O autor, com base em sua expertise e longa experiência na área, nos traz um relato significativo de uma experiência no campo da proposta de consolidação do Programa de Saúde na Escola (PSE) no Município do Rio de Janeiro, Brasil, de 2000-2009, apresentando os modelos, processos e as estratégias utilizadas para tal, à luz dos princípios da promoção da saúde. É importante destacar que a relevância desse relato se dá, dentre outros aspectos, para além da excelência e rigor metodológico da pesquisa, pela longa permanência do autor como gestor da área no Município do Rio de Janeiro, o que certamente contribuiu para que pudesse realizar essa reflexão tão profunda sobre o Programa.

O PSE é uma política de saúde na escola que se propõe a articular e integrar permanentemente os setores saúde e educação com ações que buscam melhorar a qualidade de vida dos alunos de escolas de educação básica, tendo por base ações de prevenção, promoção e atenção à saúde. Busca-se refletir sobre uma prática educativa emancipatória, que transforma saberes existentes, no intuito de fomentar o desenvolvimento da autonomia e da responsabilidade dos indivíduos no cuidado com a saúde 1,2. Segundo Organização Mundial da Saúde (OMS) 3, a educação para a promoção da saúde contém a transmissão de informações relativas às condições sociais, econômicas e ambientais com influência sobre a saúde, bem como condições de risco individual e condutas de risco.

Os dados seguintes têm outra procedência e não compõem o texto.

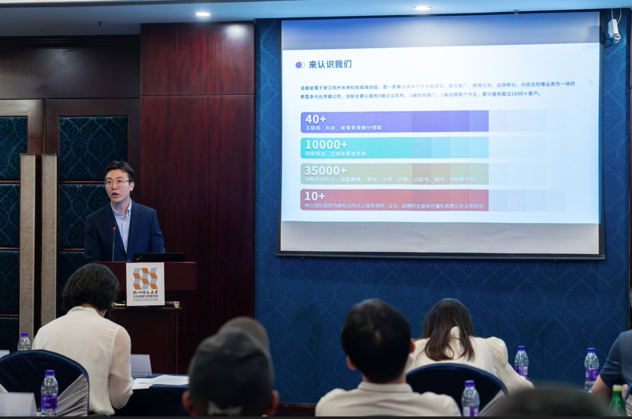 在数字文化产业发展前沿论坛中,浙江省电视艺术家协会秘书长汤学君、杭州人民广播电台新闻综合频率总监金波、浙江中南卡通股份有限公司总经理沈玉良、候马传媒有限公司政府事务部总监柏鑫禾以及杭师大文传学院的夏烈教授带来数字文化产业发展的分享。此外,参会人员以“数字文化产业发展前瞻”和“数字文化产业人才培训的新路径”为话题,展开行业对谈,切实响应国家号召,促进校企业深度融合,让数字文化产业新业态蓬勃发展。至此,本次会议圆满结束。
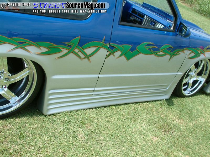 The body lines, emblems, antenna, wipers, tailgate handle and roof rack would all be shaved while a set of ground effects would be molded to the body. Flush mount LED’s would be installed for turn signals in the front bumper while a 67”x40” Street Beat sliding ragtop occupies the roof. Brian with help from Jay Lucey would take on all of the bodywork.
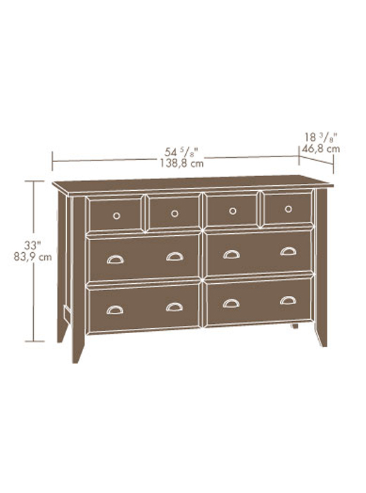 Dresser |Oiled Oak finish Drawers with metal runners and safety stops feature patented T-lock assembly system.
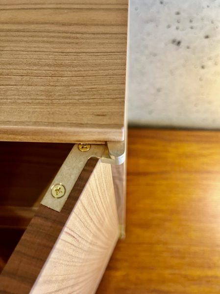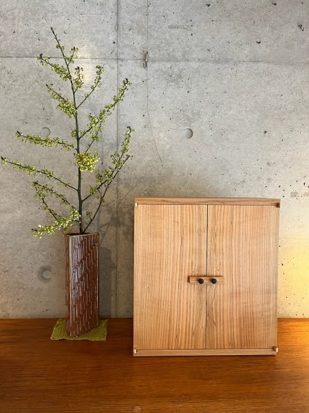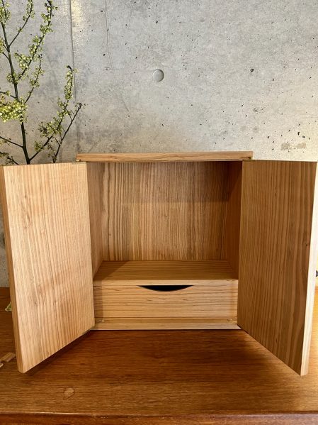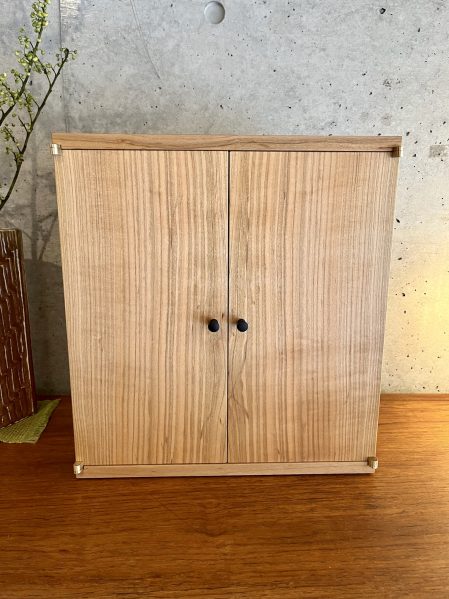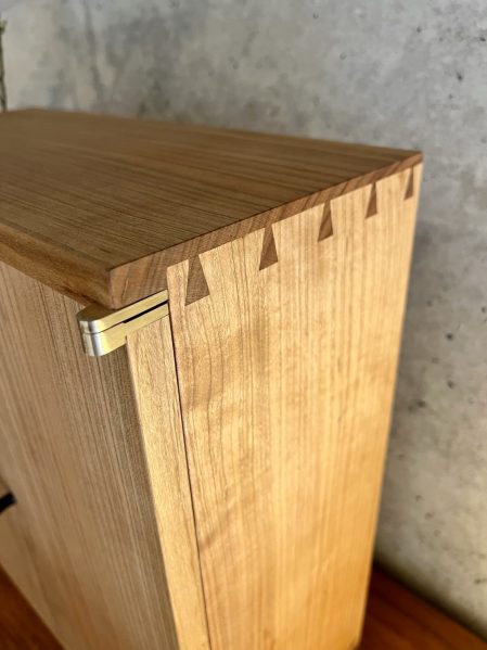 お客さまの特注で會田竜也さんにヤマザクラの小箱を作っていただきました。「小棚、厨子」などと呼べそうな大きさですがご発注者は「仏壇」として使用されます。「包み蟻継ぎ」(ハーフブラインドダブテイル)と呼ぶ高度な組み手や特殊な金物ヒンジ(Pヒンジ)が使われるあたりは會田さんの繊細な技が光るところ。ローズウッドの引き手もアクセントになっていて気品の漂う小箱でした。ご参考まで掲載しておきます。
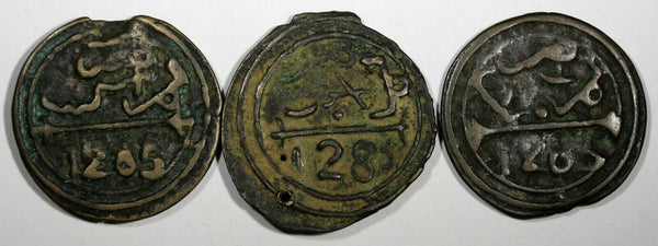 Morocco Sidi Mohammed IV LOT OF 3 COINS AH1285(1869) 4 Fulus Marrakesh C166.2(9)
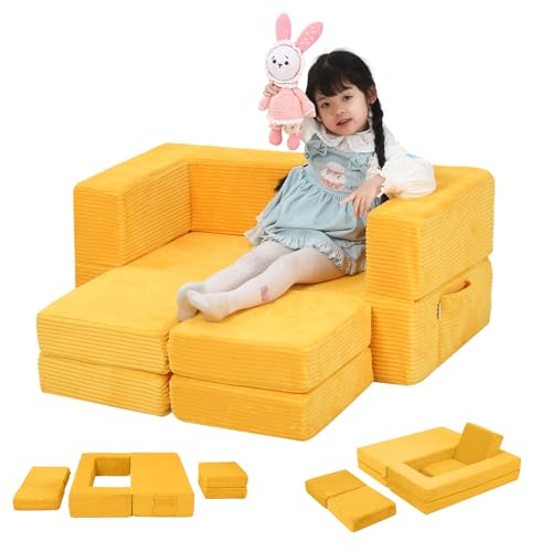 MeMoreCool Corduroy Kids Sofa Bed, Toddler Chair Couch, Kids Convertible Play Sofa Lounger Fold Out, Baby Couch Floor Armchair Chair Bedroom Furniture, Modular Mini Couch for Playroom, Yellow
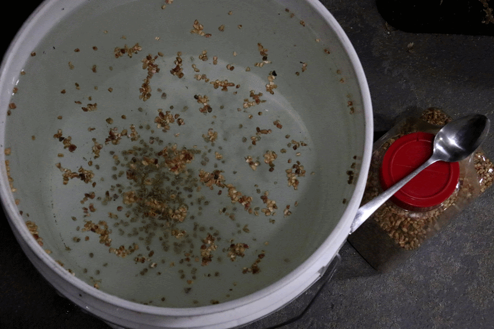 it's really not that hard to completely eradicate fungus gnats. the trick is to break the cycle. catching the flying adults is no use because they will still continue to lay eggs, which will in turn produce more adults (i heard a single female gnat can lay a few hundred eggs). the larval worms that live and feed in the soil have to be destroyed as well. that's where Bti comes in. we've been using it for months but it didn't seem to be working. at first i thought maybe it's because my father had been adding liquid fertilizer to the water as well, which might be killing the bacteria. then i thought maybe it was the UV led's in our grow lights that was killing off all the beneficial bacteria. but turns out the actual problem was we've been using too little Bti-infused mosquito bit pellets: each time we filled a bucket, i only added a few pellets (around a dozen), because that's only how much i needed to kill mosquitoes in our standing summer pools. but getting Bti into the soil is different, requiring a higher dosage to make a more concentrated water solution.
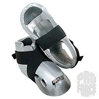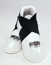 Patented laceless design with stable criss-cross strapping. Radial reinforcements at stress points. Bottom vinyl strips for secure fit. Made in USA.
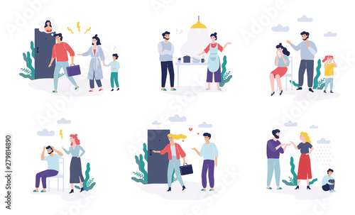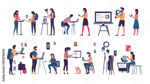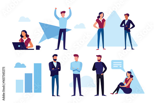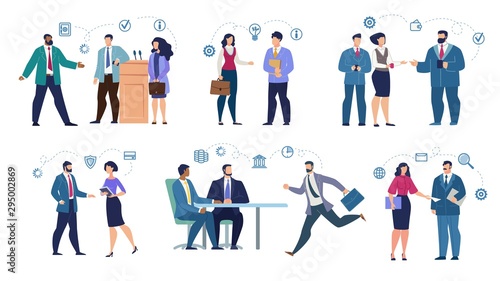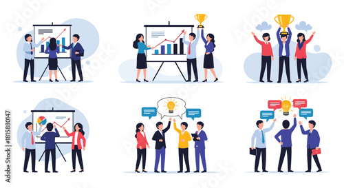 Pracovníci mužské a ženské postavy v různých kancelářských situacích, vektorové ploché izolované ilustrace. Podnikatelé pracující na přenosných počítačích, prezentace, diskuse, brainstorming
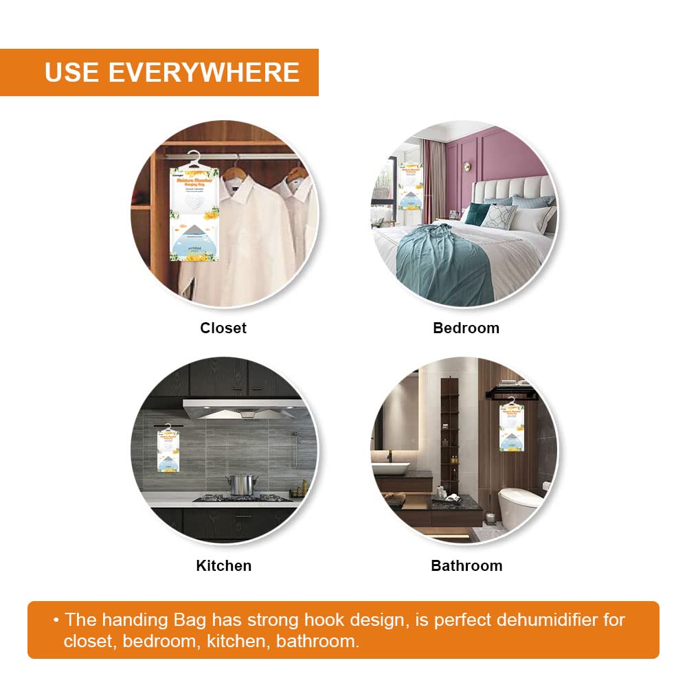The Hanging Moisture Absorber Bag Can Effectively Absorb The Excess Moisture In The Air, Eliminate The Peculiar Smell As An Air Freshener, And Keep The Air Fresh In The Place,Jasmine Calendula | Canager Dehumidifier Bag Can Directly Drop The Collected Moisture Into The Transparent Collection Bag, And Can Clearly Observe The Dehumidification State At Any Time To Create The Best Humidity Environment. | The Multi-Purpose Hanging Bag Design Is Very Suitable For Families And Enclosed Spaces, Such As Closets, Laundry, Boats, Basements Or Rv Closets, To Solve The Moisture Problem In These Places. | When In Use, It Only Needs To Be Hung In The Required Area, And Enough Space Needs To Be Reserved For Air Circulation. Crystals Will Gradually Melt And Gather Together. After They Are Finally Completely Dissolved, The Excess Water Falls Into The Collection Bag. Just Discard And Replace. | Canager Fragrance Moisture Absorber With Physical Dehumidification Process Has No Pollution To The Environment.
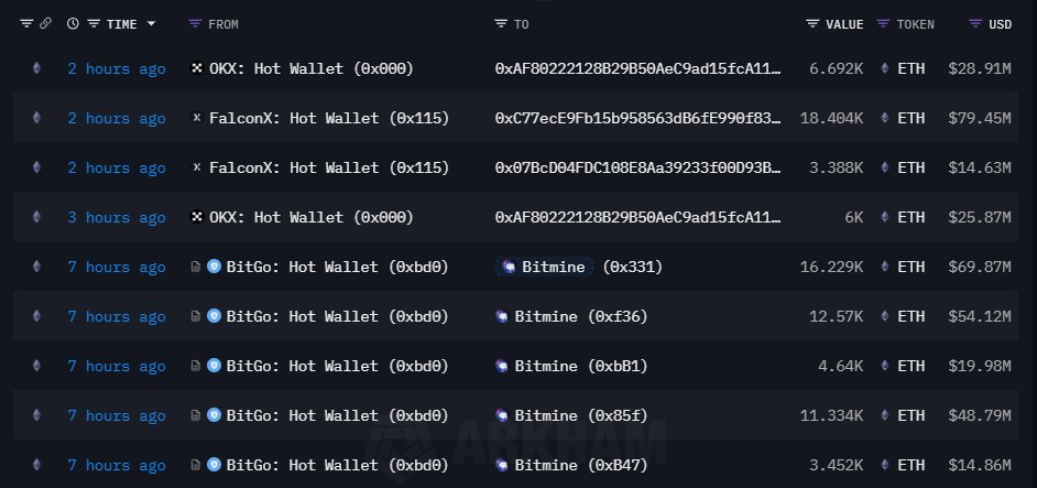 Bitmine 约 7 小时前再度增持 48,225 枚 ETH,约合 2.0754 亿美元
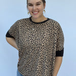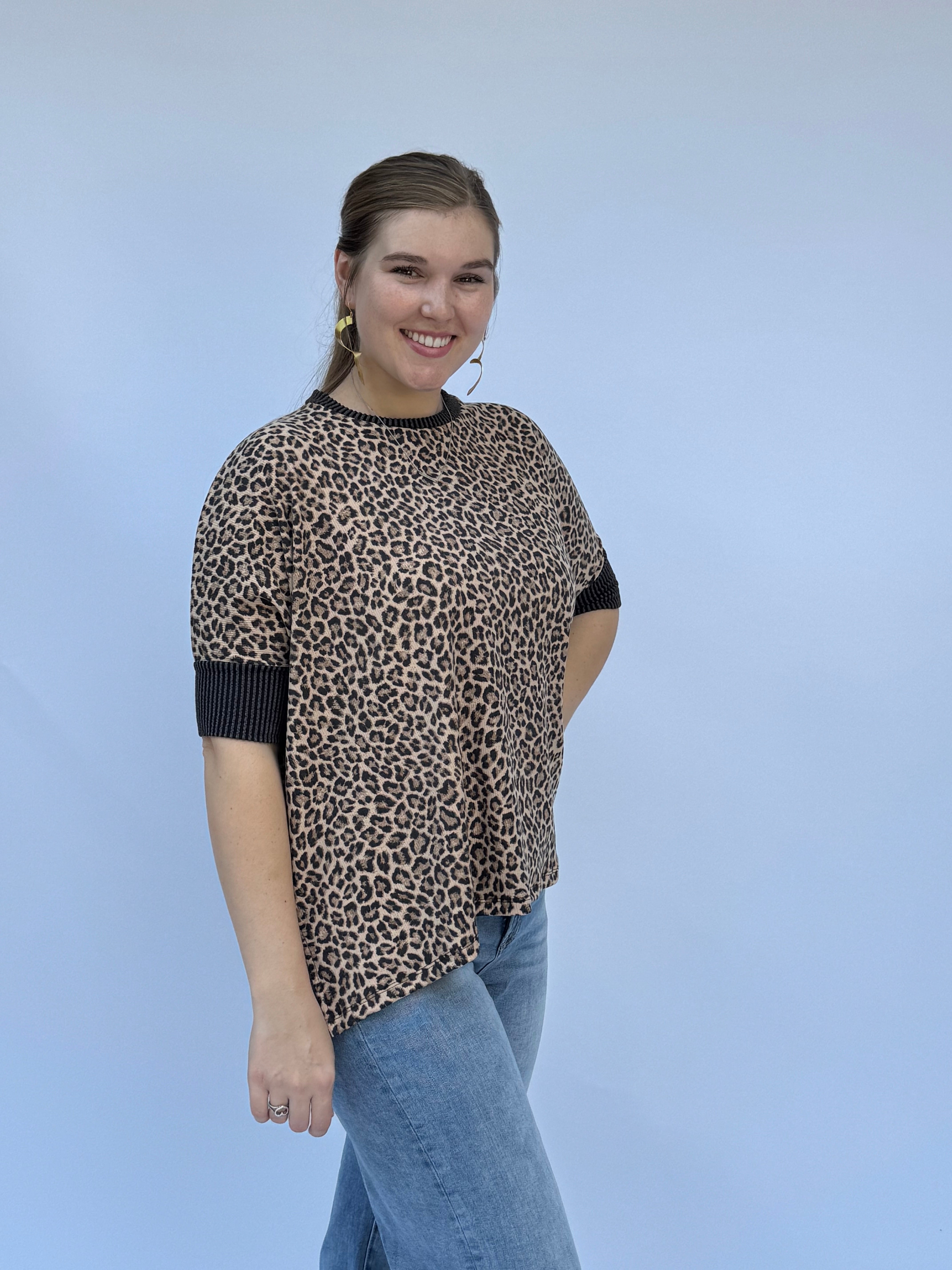 Get wild with our three-quarter sleeve leopard print top! Featuring a scoop neck and ribbed trim, this top adds a playful accent to any outfit. Don't miss out on this unique pop of color in cream, black, and brown.

O texto nos permite inferir a atualidade e alinhamento do PSE com a Agenda 2030 para o desenvolvimento sustentável da Organização das Nações Unidas (ONU) 4, no que diz respeito à promoção da saúde, ao crescimento sustentável e à educação inclusiva, em nível de literacia para a saúde em um contexto global de promoção do desenvolvimento sustentável.

A literacia em saúde é o elemento-chave para que as pessoas possam tomar decisões informadas sobre a sua saúde. De acordo com a OMS 3, a literacia em saúde é o conjunto de competências cognitivas e sociais, e a capacidade dos indivíduos para compreenderem e utilizar a informação de forma a promover e manter a saúde.

O texto aponta assim para o papel fundamental dos programas de saúde na escola e da promoção da saúde para o desenvolvimento de cidadãos e sociedades saudáveis, sustentáveis e felizes, razão pela qual contribui para as metas e objetivos definidos pela OMS no que diz respeito ao crescimento sustentável e à educação inclusiva e, para Agenda 2030, para o desenvolvimento sustentável da ONU 5.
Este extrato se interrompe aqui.